Девочка почти машинально повторяла слова малыша. Сорока рублей ей не достать. Ни у кого из подружек нет таких денег. А мальчик будет ждать. Он ведь верит, глупый, что старшая сестра все может.
В детсад они немного опоздали. По дороге встретилась машина, сгребавшая снег ловкими железными лапами. И Алеша, визжа от радости: «Саковатор! Саковатор!» — простоял возле нее минут десять, топая от восторга валенками. Марина с трудом оттащила братишку от занятной машины.
Кроме них в комнате, где раздевают ребят, была полная черноглазая женщина с трехлетним карапузом. Тот капризничал и никак не хотел распрощаться с матерью. А женщина, видимо, торопилась, она сама повела сына в дальний конец коридора, откуда доносились детские голоса. На столе женщина оставила платок и маленькую коричневую сумочку.
«Наверное, в сумочке деньги, — подумала Марина, — сорок рублей… Воровать нельзя… А кто узнает… экскаватор куплю и больше никогда, никогда не буду…»
— Беги, Алешенька, к тете Тане, что она тебе покажет!.. — спровадила Марина братишку. Прислушалась, шагнула к столу. Сунула сумочку под пальто, запахнулась поплотней и — на улицу.
Запыхавшись, Марина заскочила в соседний двор. Никого. Выгребла деньги. Семьдесят три рубля! И мелочь. Перебросила сумочку через забор.
В школу Марина шагала медленно. От пережитого волнения сохли губы, язык стал шершавым и грубым, как суконная тряпка. Девочка горстью зачерпывала снег, прижимала его ко рту, но и это не помогало…
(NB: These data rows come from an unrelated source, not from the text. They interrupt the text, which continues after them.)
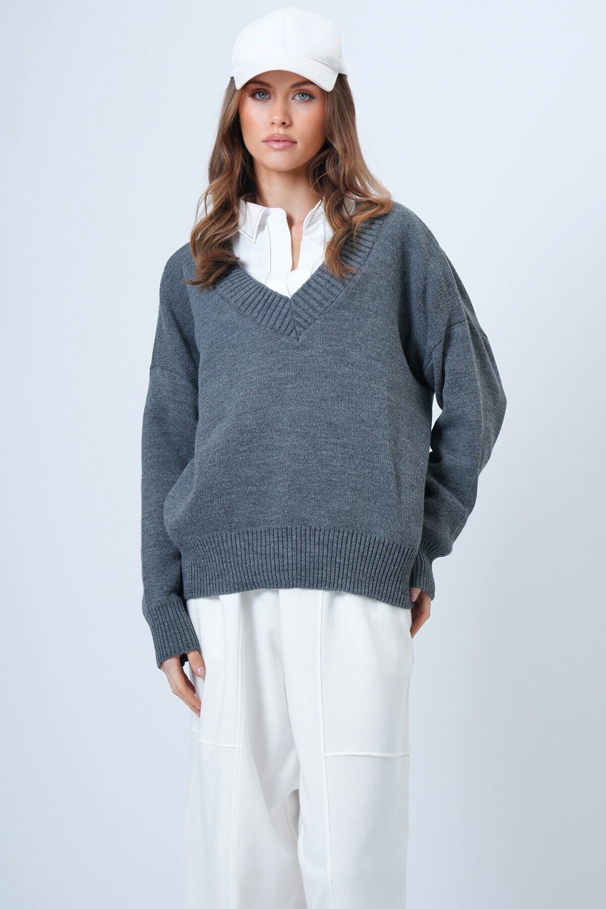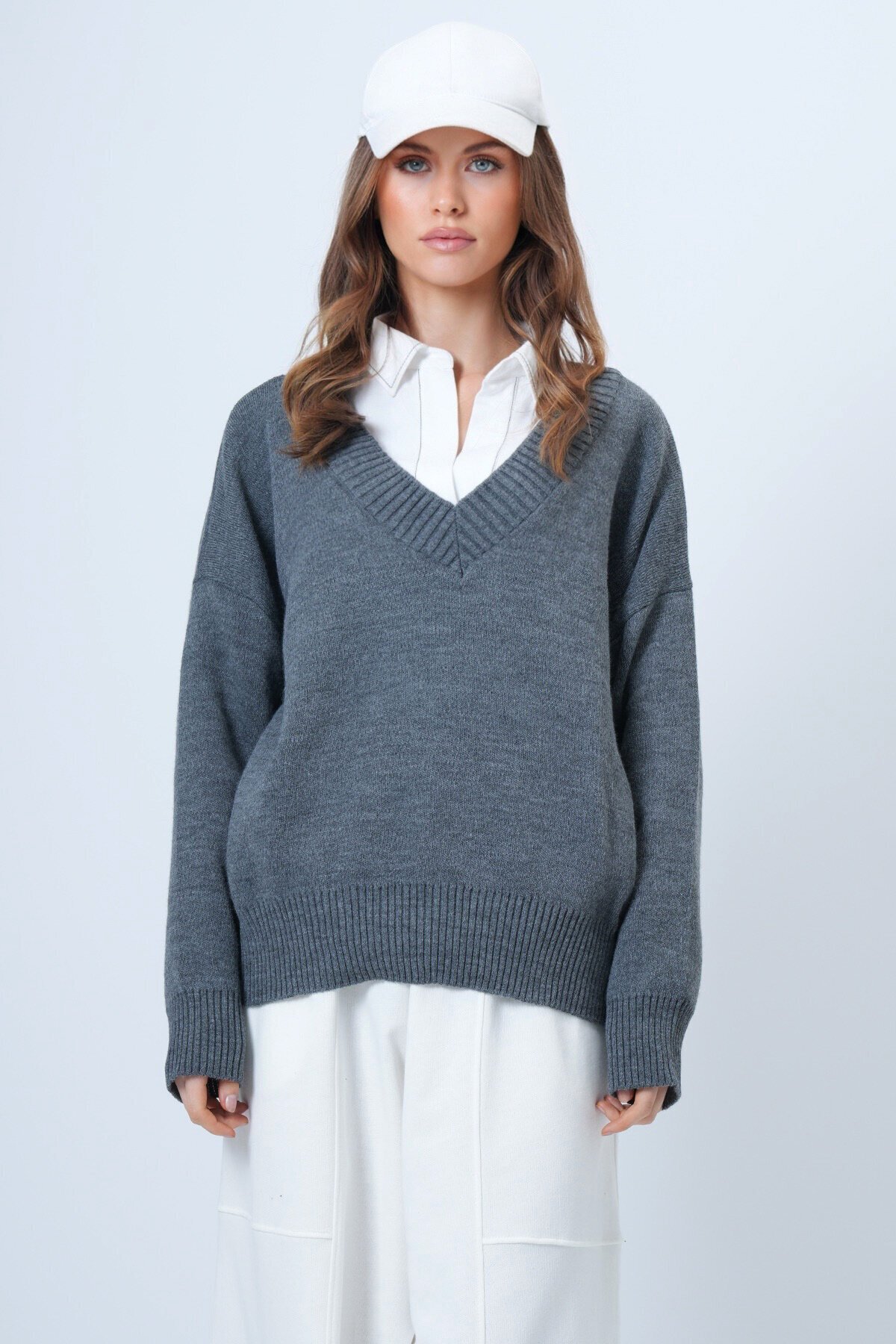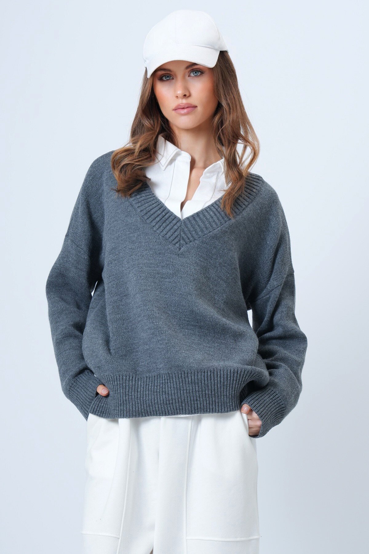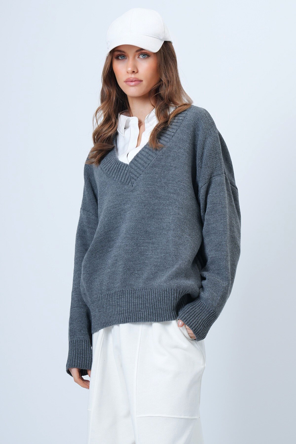 Kadın Antrasit V Yaka Geniş Ribanalı Örgü Uzun Kollu Triko Kazak Vs01323 Kadın Antrasit V Yaka Geniş Ribanalı Örgü Uzun Kollu Triko Kazak Vs01323 VS01323 Standart
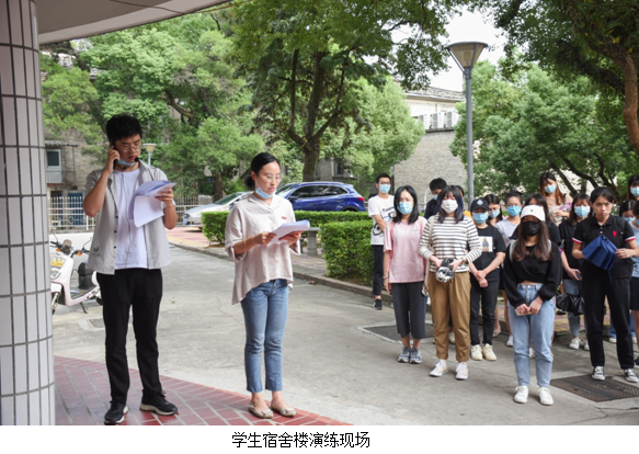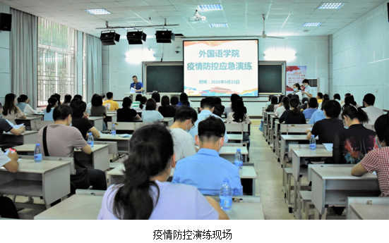9月25日下午,外国语学院在外语楼110教室及南安楼宿舍楼开展了秋季开学疫情防控应急演练。学院领导、教师代表、各年级辅导员、行政后勤部门代表以及学生代表参加了此次观摩和演练。
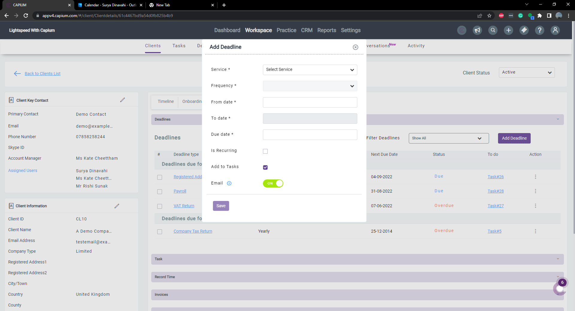 Navigation: Practice Management >> Workspace >> Clients >> Select a company >> Add a deadline
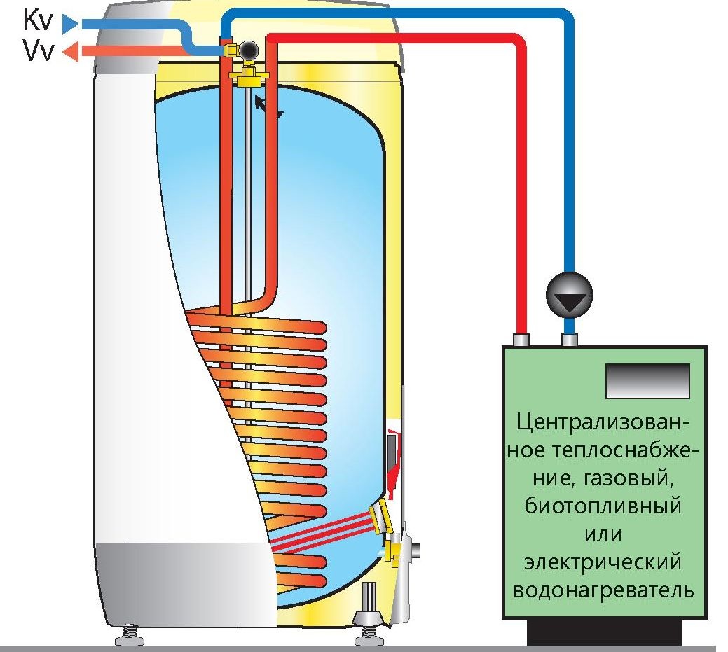 De tels dispositifs de chauffage ne sont pratiquement pas utilisés. Ils combinent un stockage et une chaudière instantanée. Ils peuvent fonctionner selon deux modes. Le poids maximum de l'appareil est de 6 kg, le volume du réservoir est de 10-30 litres.
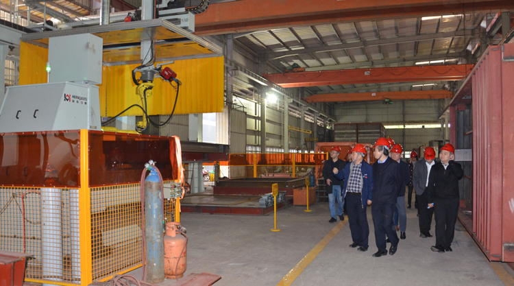 在考察调研过程中,一行领导参观了公司国家级“服务型制造示范项目”——沥青混合料搅拌远程服务系统平台技术研发及应用,了解控制中心对工地设备进行远程服务的过程。随后,一行领导又深入走访车间,对新年后公司订单销售及生产运营情况进行调研。
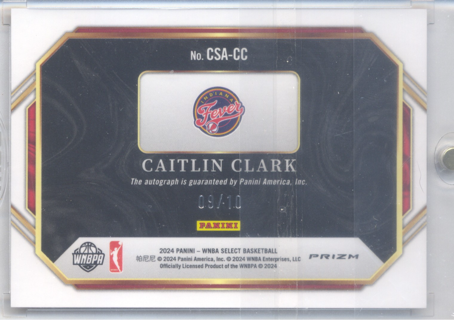 This is a Gold Rookie Autograph card of Caitlin Clark, serial numbered # 09/10, WNBA Indiana Fever Signature.
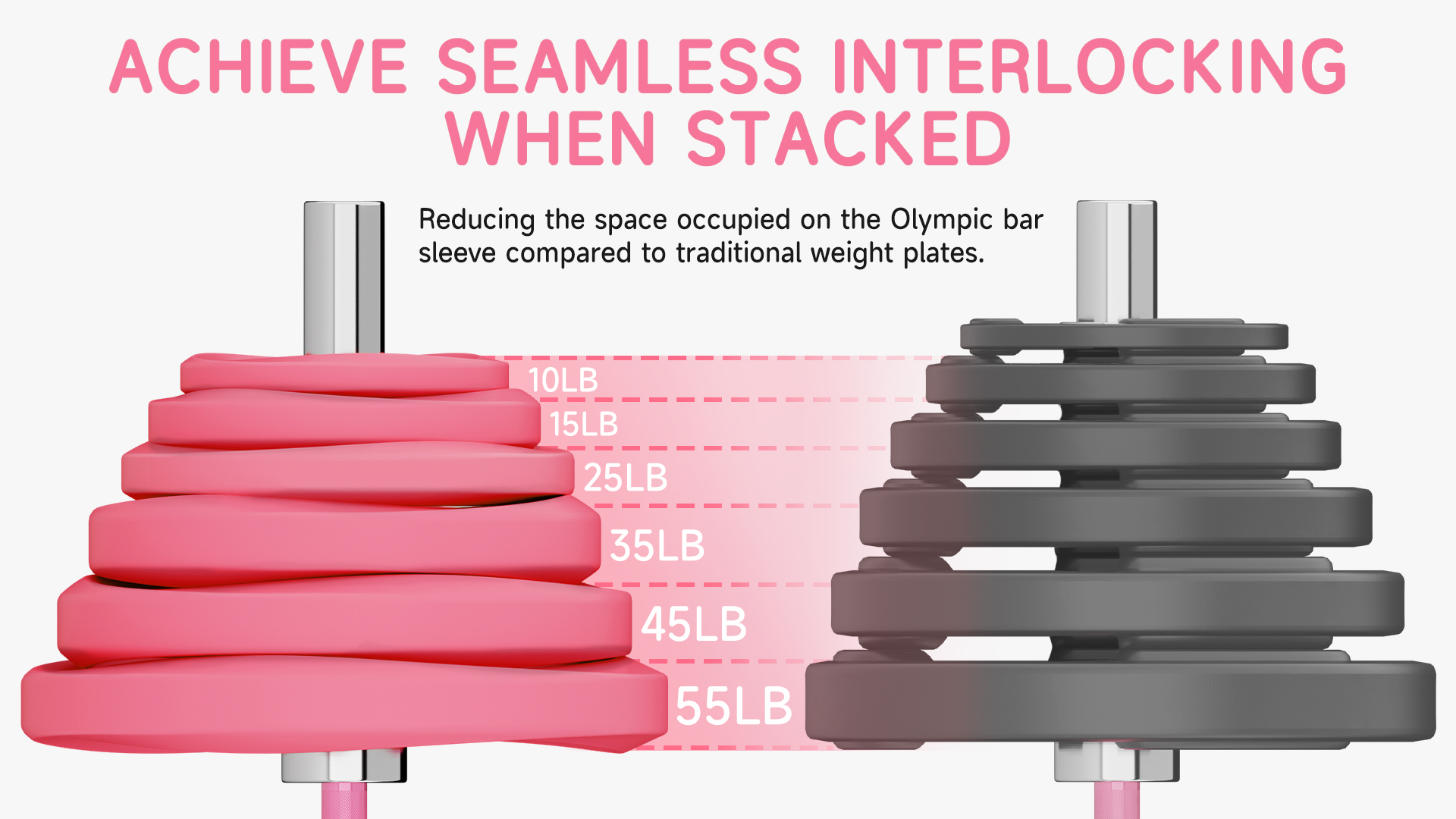 Additionally,when multiple AURASPIN plates are installed on a barbell,the interlocking contours ensure a secure fit without requiring extra space on the bar sleeve.
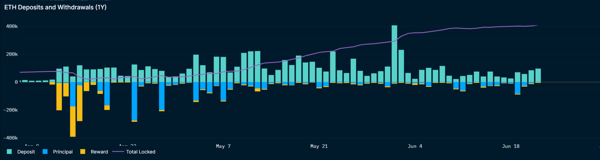 在上海升级前,预测结果是一波推出之后回暖进行第二波质押率下跌,但结果并非如此,在上海升级后,接触质押的最大的两波一次是质押奖励收取然后继续质押,一波是本金(主要来源于 CEX)解除质押,随后开始稳步上升,五月中旬质押量突破 20 M,六月突破 16% 。

Уроки пролетели быстро. Марину, к счастью, не вызывали, а то не миновать бы ей двойки (учебников она вчера так и не раскрывала). На большой перемене ходила Марина в обнимку со своими подругами — Люсей и Валей, и они оживленно секретничали. Люся — высокая, уже больше девушка, чем девочка, накручивая на палец кончик черной косы, радостно поглядывала на Марину влажными вишнями блестящих от возбуждения глаз, а Валя мечтательно улыбалась. Лицо у Вали хорошенькое — белое, с золотистыми стрелками бровей, и только мелкие, остренькие зубы портили его. Марина всю перемену что-то рассказывала шепотом. Из школы они вышли вместе.
— …а еще папа достает сто рублей, — захлебывалась Марина, — и дает мне. Спасибо, мол, дочка, что ты о маме и братишке заботилась. Купи себе, что нужно. А жить я с вами пока не могу, уезжаю на границу по важному заданию. Вот вернусь, мы, все и порешим. А потом спрашивает маму: дай слово, что пока я на границе, дядя Вася к вам ходить не будет. — А мама плачет, даю, говорит…
Девочки восторженно ахали. Выдуманное казалось Марине такой долгожданной правдой, что слезы искренности и вдохновения звенели в ее голосе.
Взяв билеты на самый дорогой ряд, на котором они раньше никогда не сидели, подруги направились в буфет. Съели по три «Мишки», по сливочному пломбиру, выпили две бутылки яблочной воды. Пировали!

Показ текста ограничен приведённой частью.